Matt: All right, what’s the problem?
Judy: I think the problem is that…I don’t know, that we just don’t communicate. Now, maybe it’s just because your a guy and I’m a girl. But it’s like when you talk to me, I don’t understand what you’re saying.
Matt: Well, I don’t think that’s the problem, Judy. I think the problem is your cromzoid attitude.
Matt: Your cromzoid attitude. Your incredibly blon-snark, cromzoid attitude.
Judy: Matt! (frusteratedly puts her head in her hands)
Matt: You are constantly, constantly into your own greebplarts! It drives me nirkskill, and I can’t take it.
Judy: This is just what I’m…
Matt: (interrupting) In addition to which, I have to deal with your incredibly overblown roofkies!
Judy: My roofkies?
Matt: Your ridiculous gripthoids.
Judy: My gripthoids?
Matt: And your unbelievably outrageous peep snappers!
Judy: My peep snappers?
Matt: (shouting) Yes, and I’m sick of it!
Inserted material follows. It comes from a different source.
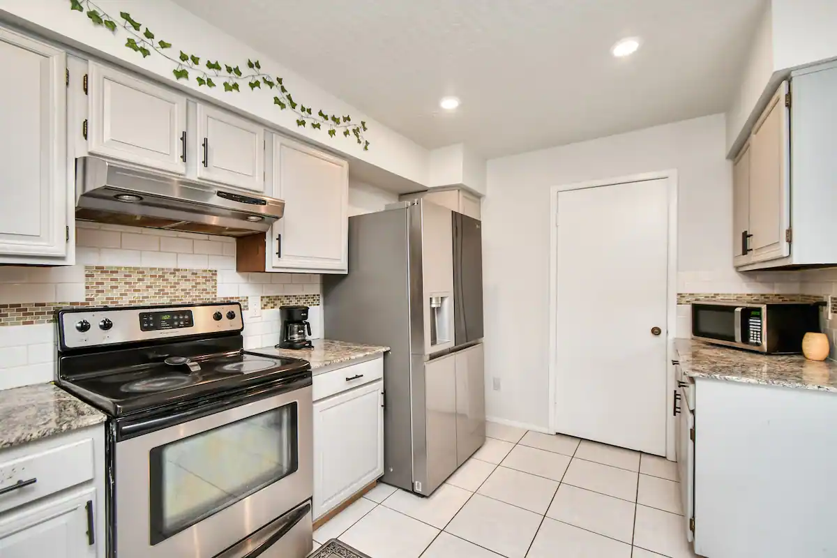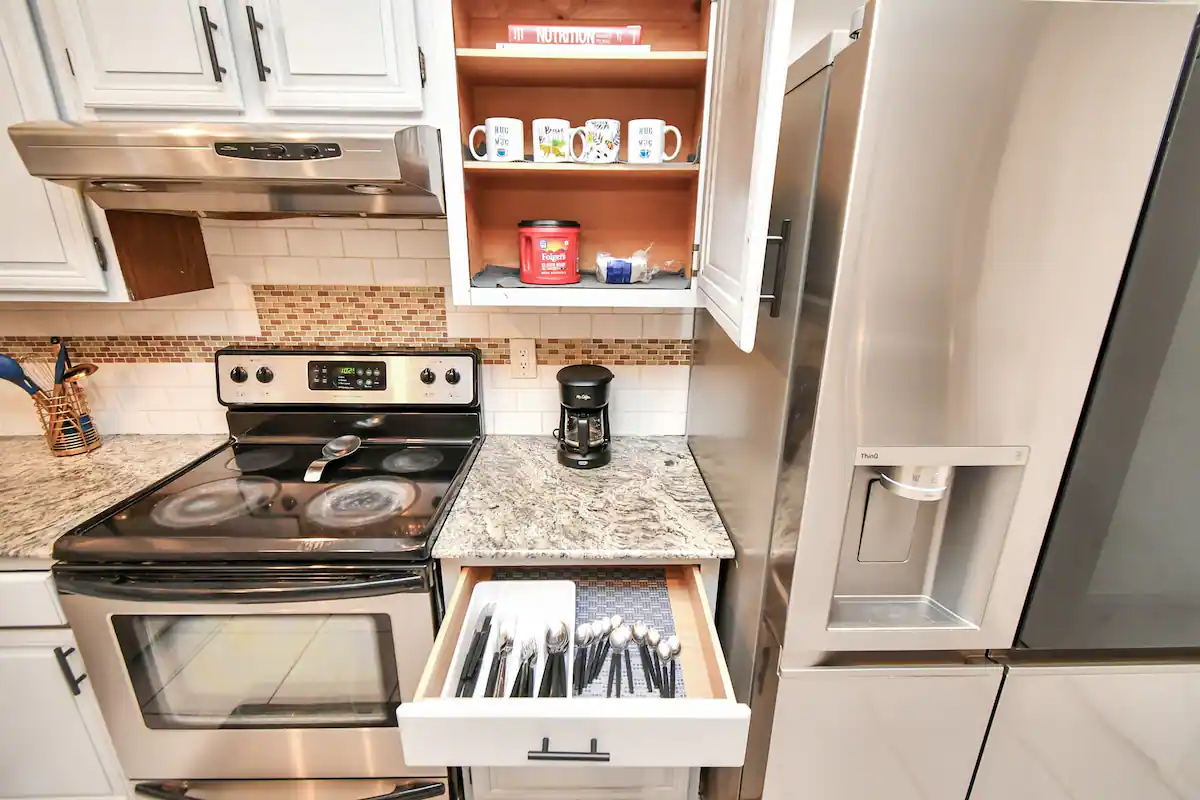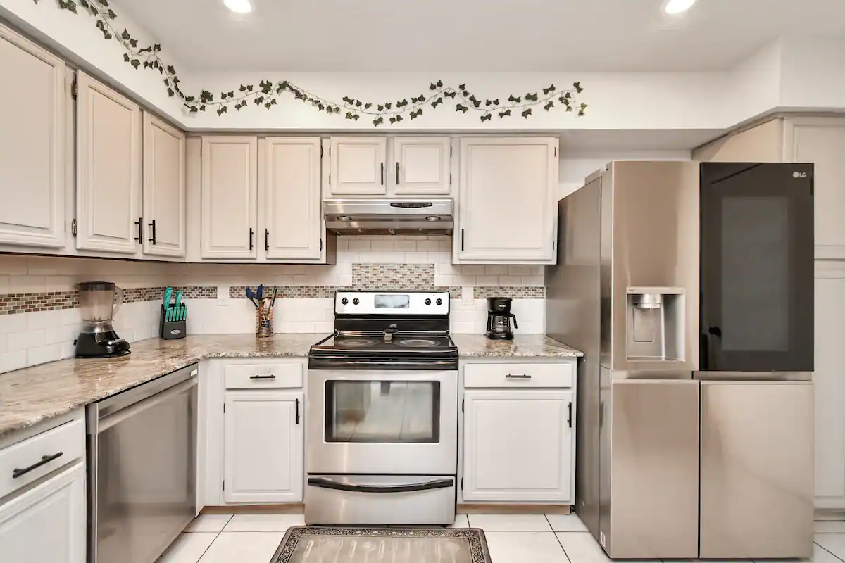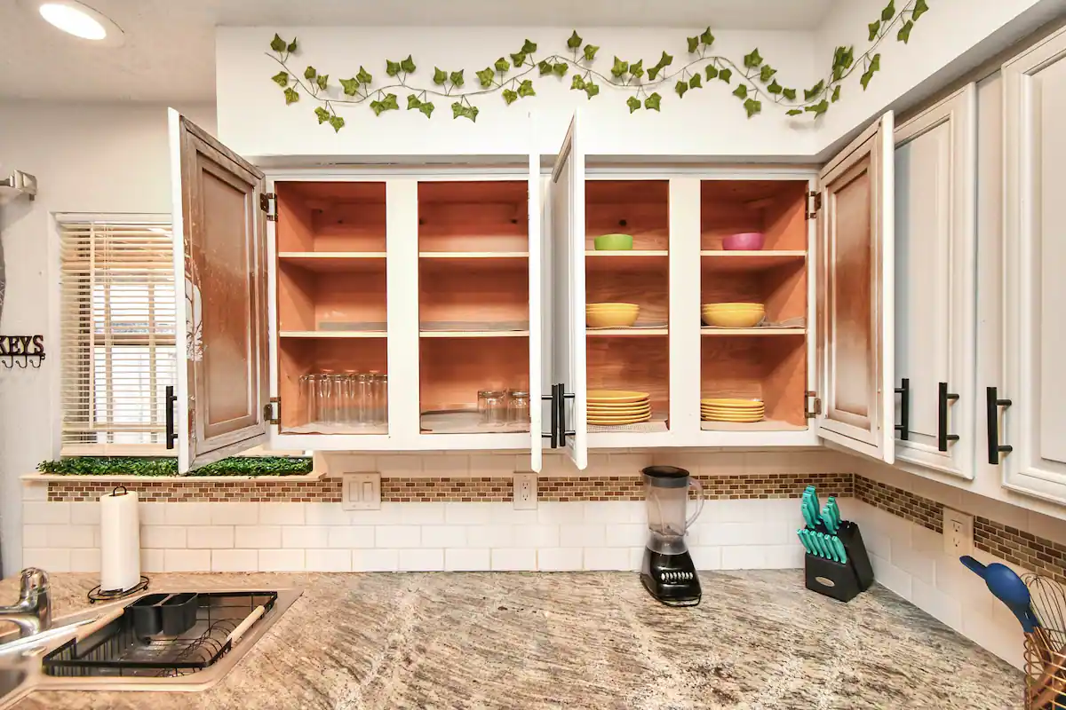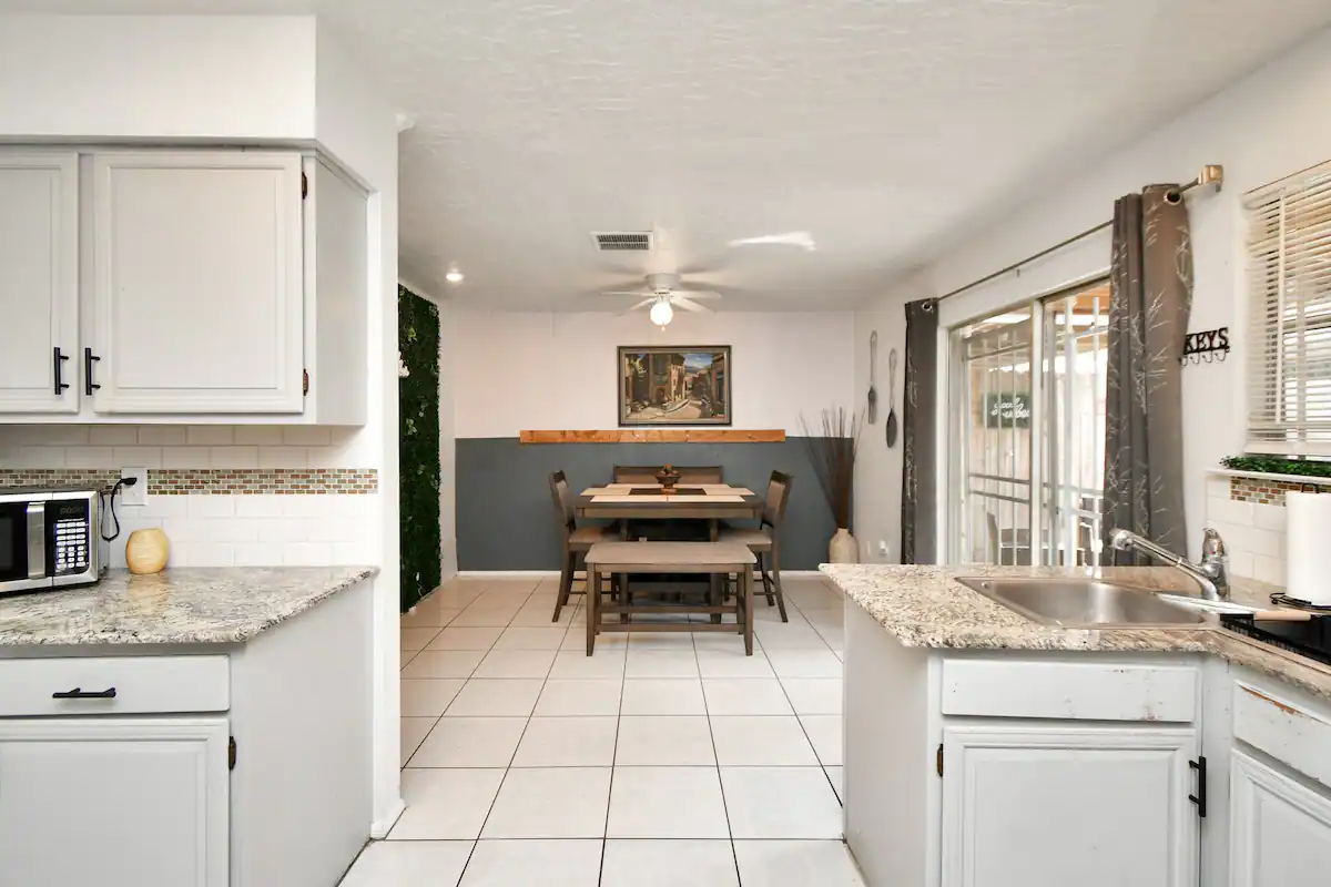 The bright and spacious kitchen is fully equipped with all the appliances, utensils, and cookware you need to feel at home. The dining area features a grass wall for a photo opportunity after a nice brunch.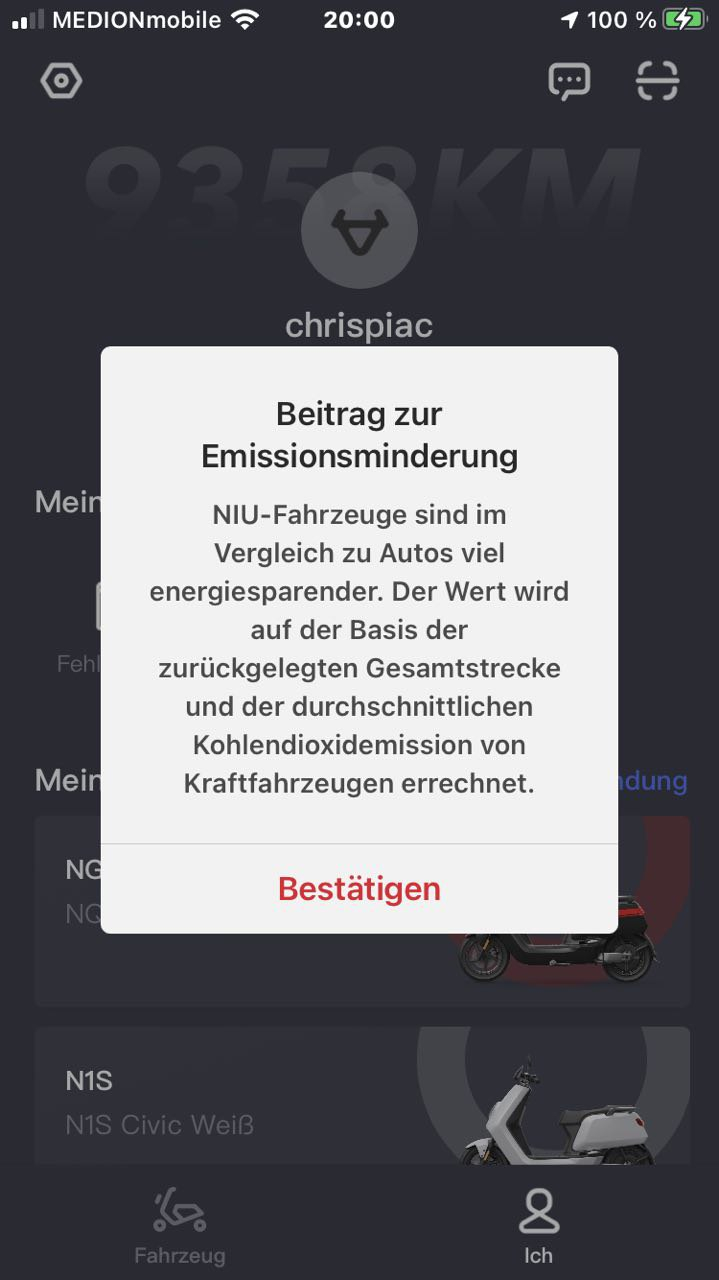 Na ja, das soll ja ein Vergleichswert zu einem (Verbrenner-) Auto sein. Wenn man dann ein Dieselpanzer mit den leichten NIU vergleicht…Lara hat geschrieben: Di 13. Okt 2020, 20:40 Ich hatte das gesehen, aber nicht mit dieser Kilo Angabe in Verbindung bringen können...

Cromzoids, blon-snark, roofkies, gazornoplats! (hushed) And people wonder why I’m going crazy with you.
Judy: (aggrevated) What’s a gazornoplat?
Matt: I cannot take it anymore. I have a kistritsky too, did you know that? I have lunglubs, don’t you know that? Look, you have to take into consideration my lamzoids, my gleebfreebs, my normkrub, my troigs!
Judy: I was…
Matt: (shouting) So when you talk about the problem in our relationship, don’t lay it on my frigga-hoy-hoys, darling! Look inside your own groovy grumba-ho-hos, huh? I’m gonna go take a wappy-wip.[ Matt crumples up his napkin, throws it on the table, and leaves while the other diners stare at him. The waiter returns to the table ]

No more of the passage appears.